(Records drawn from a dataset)
====

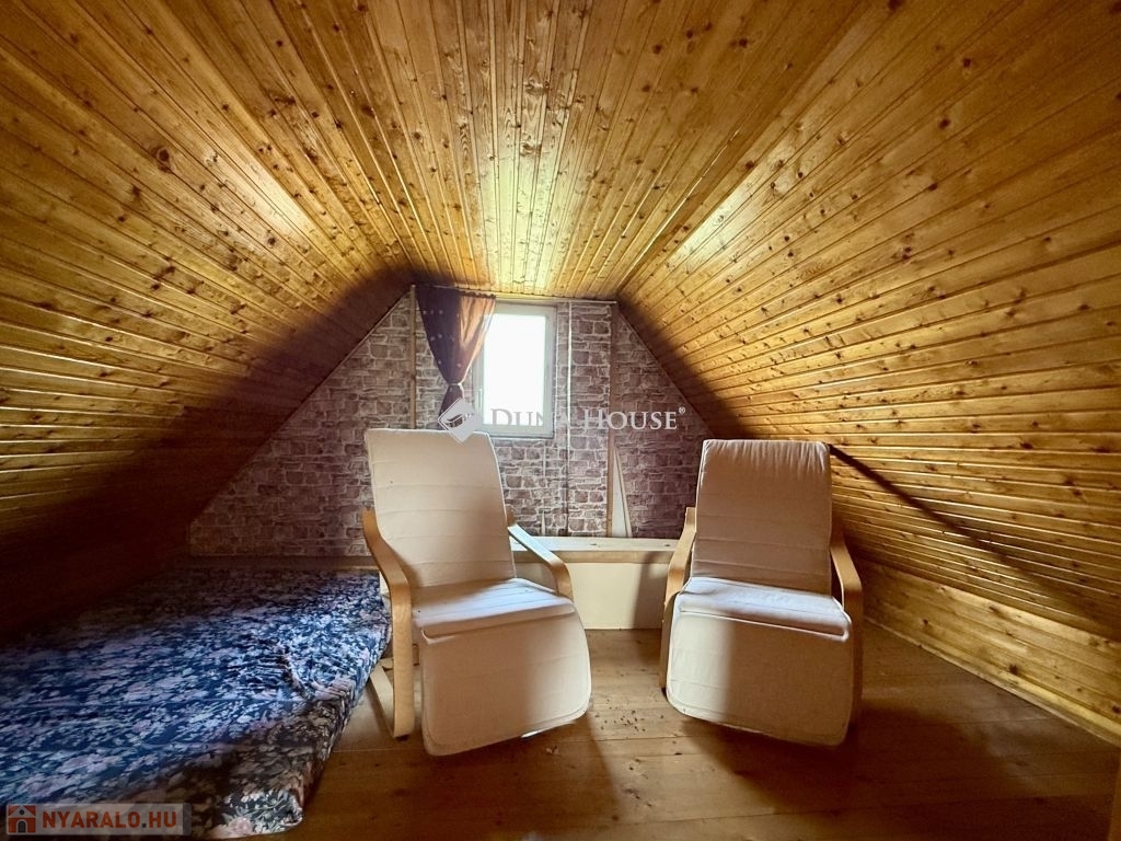 Az 1988-ban épült, lakható zártkerti ingatlan alapterülete 27 m2, plusz a padlástér is beépítésre került, tovább növelve ezzel a rendelkezésre álló lakóterületet.A kert csendes és nyugodt környezetet biztosít, elérhető közelségben a városi élettől, de mégis távol a város zajától.
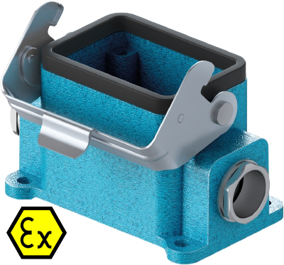 Закрытое основание разъема EX 70.334.0636.0 - Основание разъема на панель, закрытое, типоразмер 6B, взрывозащищита, с уплотнителем, 2 кабельных ввода M25x1,5, IP54, с одной защелкой, без защитной крышки, материал корпуса: цинковый сплав
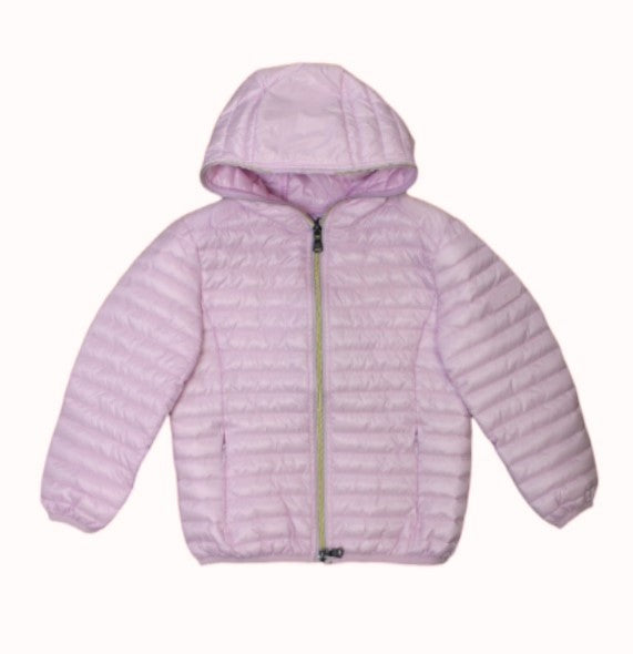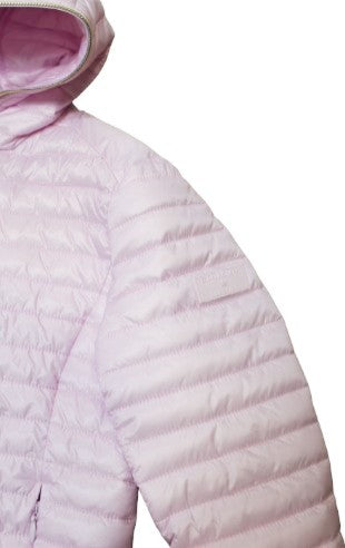 Giubbino trapuntato con cappuccio fisso, chiusura anteriore con zip, logo applicato sul davanti, tasche laterali con zip.
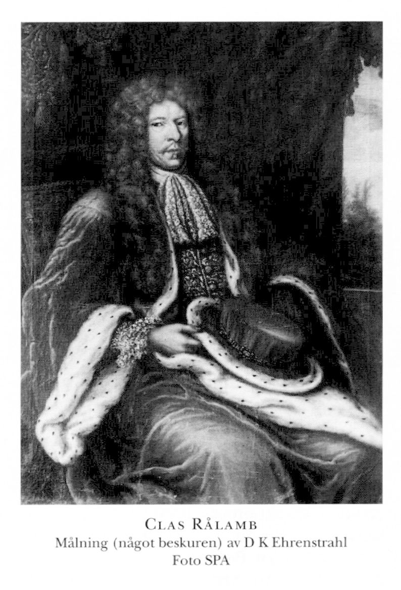 1 Rålamb, Clas, f 8 maj 1622 i Sthlm (RS, vol 41 o 170), d 14 mars 1698 (anf källor; bet för själaringn bl a 16 mars 1698 i Sthlm, Nik). Föräldrar: landshövdingen Broor Andersson o Anna Tott. Inskr vid UU 22 juni 38, företog utrikes resor 42–44, inskr vid univ i Leiden 42, deltog i riksdagarna 44–78, krigs- o hovråd (på pommerska staten) 30 juni 55–60, envoyé extraordinaire till Höga porten 22 febr 57 (instr 23 sept 56)–maj 58, landsh i Uppsala län 2 juni 60–jan 65, kurator vid UU 14 febr 63, riksråd 27 aug 64–82, rikskammarråd 12 sept 64–27 dec 73, led av kommissionen över statsverket febr–juni 68, av skånska kommissionen aug 69-70, av kommissionen över Sthlms stads förvaltn mars 72–73, överståth 18 juni 73–78, frih 25 mars 74 (introd 75), led av deput för undersökn av kammarförvaltn sedan år 1675 nov–dec 78, president i Göta hovrätt 12 dec 78-82, lagman i Norra Finlands lagsaga 24 juni 80-82, led av pommerska huvudkommissionen juli 80-81.
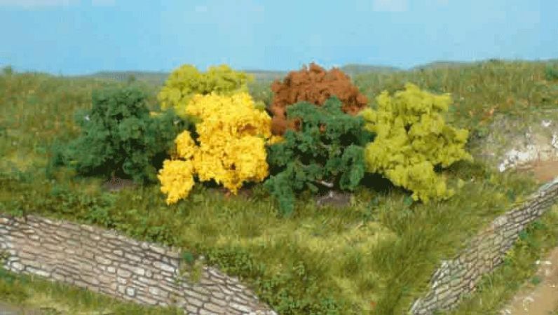 4 couleurs sont livrées dans ce kit : jaune, vert clair, vert foncé, automne (2 buissons de chaque couleur)
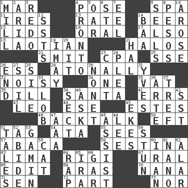 ACROSS 1. Spoil 4. Airs 8. Health resort 11. Angers 13. Pace 14. Fermented drink made from hops 15. Flaplike coverings 16. Of the mouth 17. In addition 18. Of or relating to Laos or its people 21. Rings 22. Stricken, poetically 23. Tax preparer (abbr.) 25. Compass dir. 26. Double-curved letter 29. Without tonality 32. Annoyingly loud 34. Single 35. Large container 38. Deli pickle 39. Before Barbara or Clara 41. Blunders 43. Lion 44. Compass dir. 45. _____ Park, CO 46. Sass 50. Newt 51. Label 54. _ moment's notice (2 wds.) 55. Perceives with the eye 57. Phillipine bananalike plant 59. French poetic form 63. Pale green bean 64. Swiss mountan, "Queen of the Mountains" 67. Mountain range 68. Prepare for publication 69. Caspian sea tributary 70. Nanny 71. Elected rep. 72. Piece 73. And not DOWN 1. Place where flour is made 2. Roberta Peters solo 3. Make new 4. Right away 5. Boat paddle 6. R.R. building 7. Snakelike fish 8. Exchanges for money 9. Mexican monetary units 10. Came up 12. Fast planes 14. Sound made by sheep 19. "If ____ say so..." 20. Small island 21. Actor Linden 23. Patter 24. Entreaty 26. Conclusion 27. The visible part of the earth's surface 28. Filth; sediment 30. Music written for nine 31. Jacques Cousteau's middle name 33. Messy guy 36. Johnson of "Laugh-In" 37. Unclean, religiously 39. Religious group 40. "____ silly question..." 42. Fast jet (abbr.) 45. Makes supply last 47. Auto club (abbr.) 48. Help 49. Area sheltered from the wind 51. Falsehoods 52. Tolerate 53. Homeless child 56. Make senseless or dizzy 58. Feline 60. SW Asia republic 61. Billionth: prefix 62. Having or resembling wings 64. Reproach for some lapse or misdeed 65. Retirement account (abbr.) 66. Slender fish
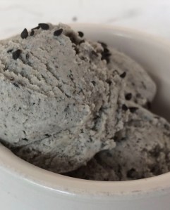 Inspired by Nadiya Hussain’s rhubarb ripple ice cream that she made last week on her British Food Adventure, I am fuelling my obsession with black sesame and I’m sharing my recipe for my No Churn Black Sesame Ice Cream.
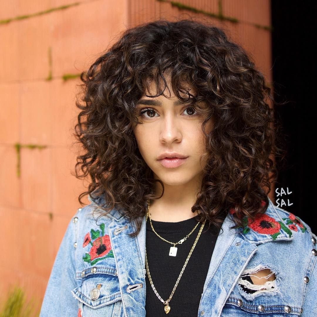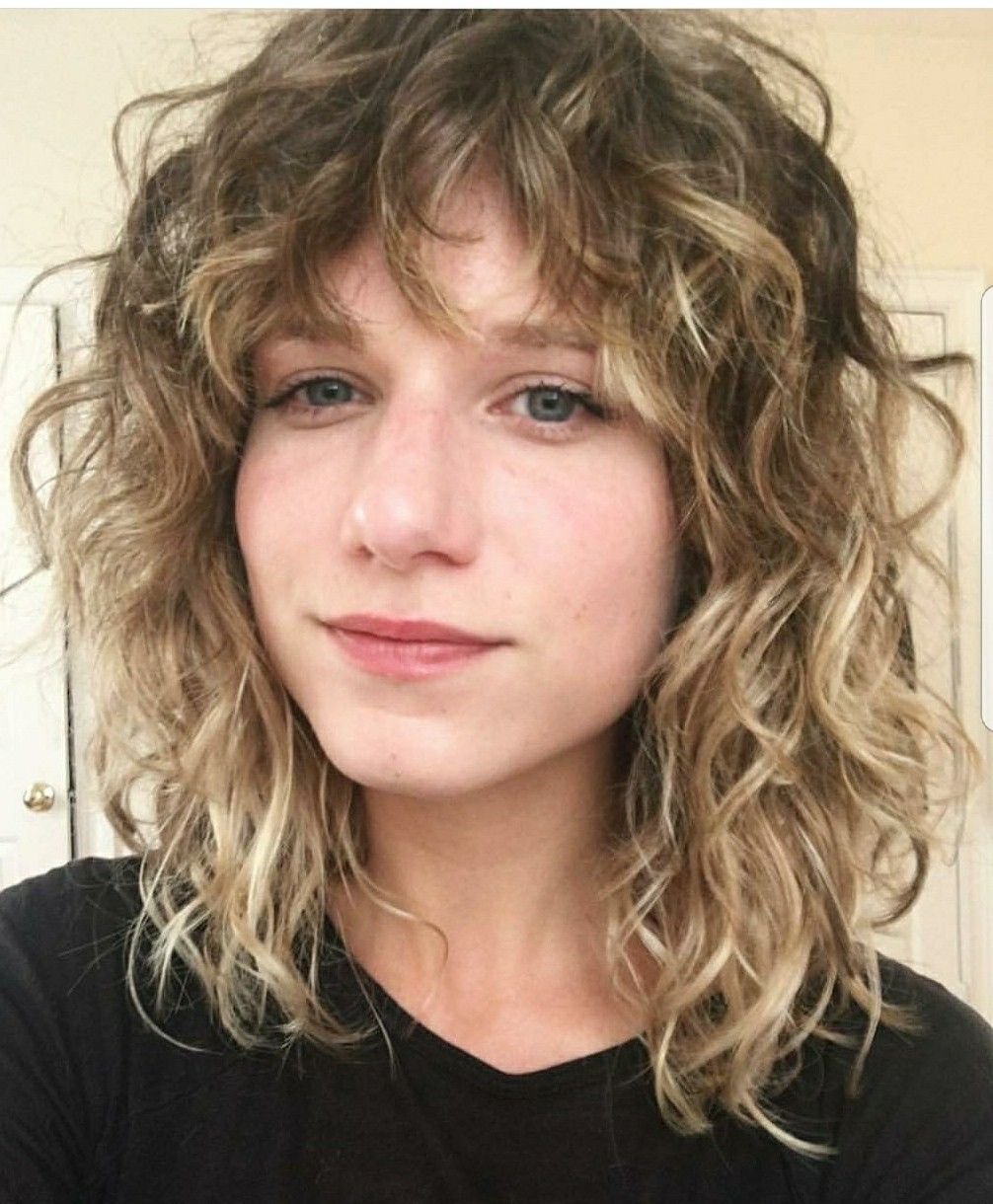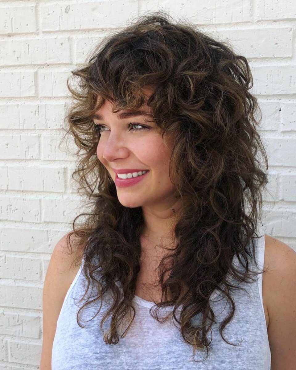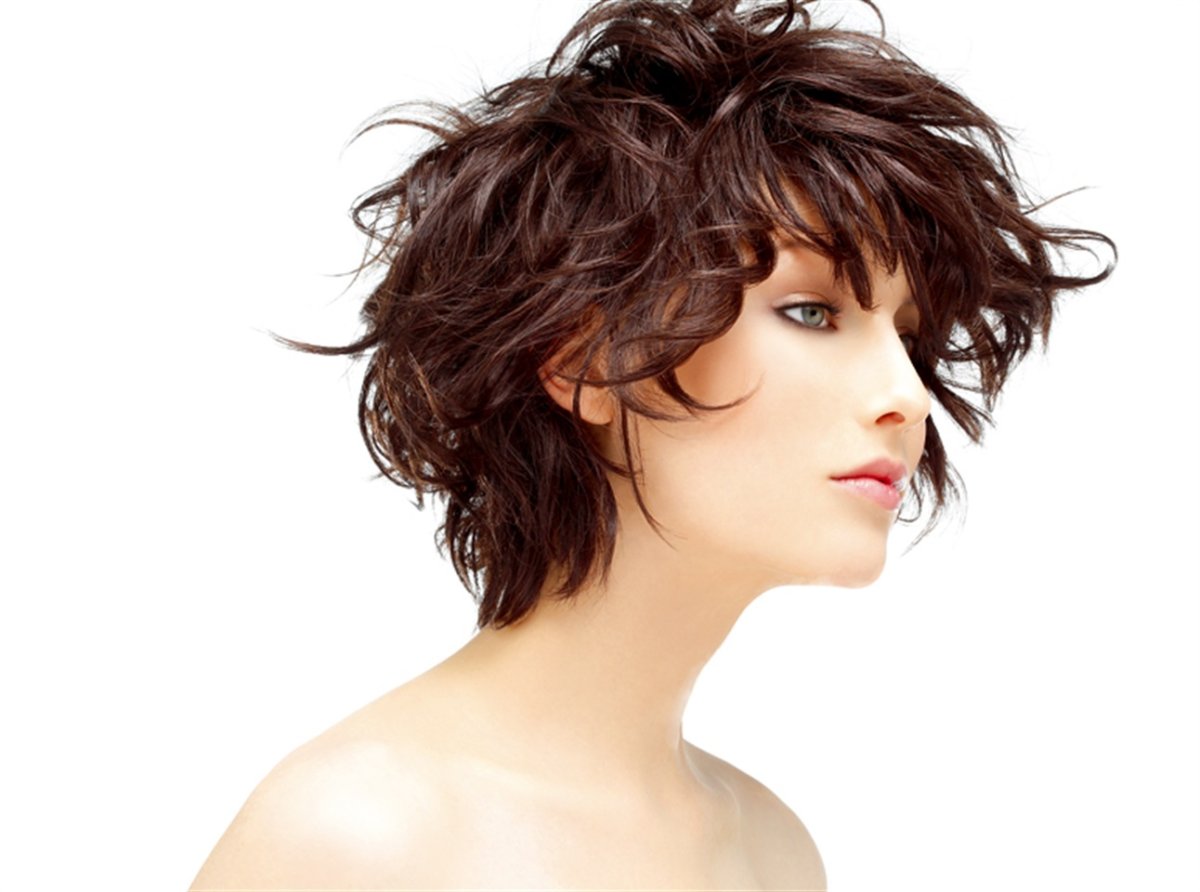 Стрижка градуированное каре на кудрявые волосы с челкой

====

#### [Your goal]
Please set down exactly the lines from the first line of the data above through the line with "4 couleurs sont", both included, leaving out the pictures.

#### [Response]
 Az 1988-ban épült, lakható zártkerti ingatlan alapterülete 27 m2, plusz a padlástér is beépítésre került, tovább növelve ezzel a rendelkezésre álló lakóterületet.A kert csendes és nyugodt környezetet biztosít, elérhető közelségben a városi élettől, de mégis távol a város zajától.
 Закрытое основание разъема EX 70.334.0636.0 - Основание разъема на панель, закрытое, типоразмер 6B, взрывозащищита, с уплотнителем, 2 кабельных ввода M25x1,5, IP54, с одной защелкой, без защитной крышки, материал корпуса: цинковый сплав
 Giubbino trapuntato con cappuccio fisso, chiusura anteriore con zip, logo applicato sul davanti, tasche laterali con zip.
 1 Rålamb, Clas, f 8 maj 1622 i Sthlm (RS, vol 41 o 170), d 14 mars 1698 (anf källor; bet för själaringn bl a 16 mars 1698 i Sthlm, Nik). Föräldrar: landshövdingen Broor Andersson o Anna Tott. Inskr vid UU 22 juni 38, företog utrikes resor 42–44, inskr vid univ i Leiden 42, deltog i riksdagarna 44–78, krigs- o hovråd (på pommerska staten) 30 juni 55–60, envoyé extraordinaire till Höga porten 22 febr 57 (instr 23 sept 56)–maj 58, landsh i Uppsala län 2 juni 60–jan 65, kurator vid UU 14 febr 63, riksråd 27 aug 64–82, rikskammarråd 12 sept 64–27 dec 73, led av kommissionen över statsverket febr–juni 68, av skånska kommissionen aug 69-70, av kommissionen över Sthlms stads förvaltn mars 72–73, överståth 18 juni 73–78, frih 25 mars 74 (introd 75), led av deput för undersökn av kammarförvaltn sedan år 1675 nov–dec 78, president i Göta hovrätt 12 dec 78-82, lagman i Norra Finlands lagsaga 24 juni 80-82, led av pommerska huvudkommissionen juli 80-81.
 4 couleurs sont livrées dans ce kit : jaune, vert clair, vert foncé, automne (2 buissons de chaque couleur)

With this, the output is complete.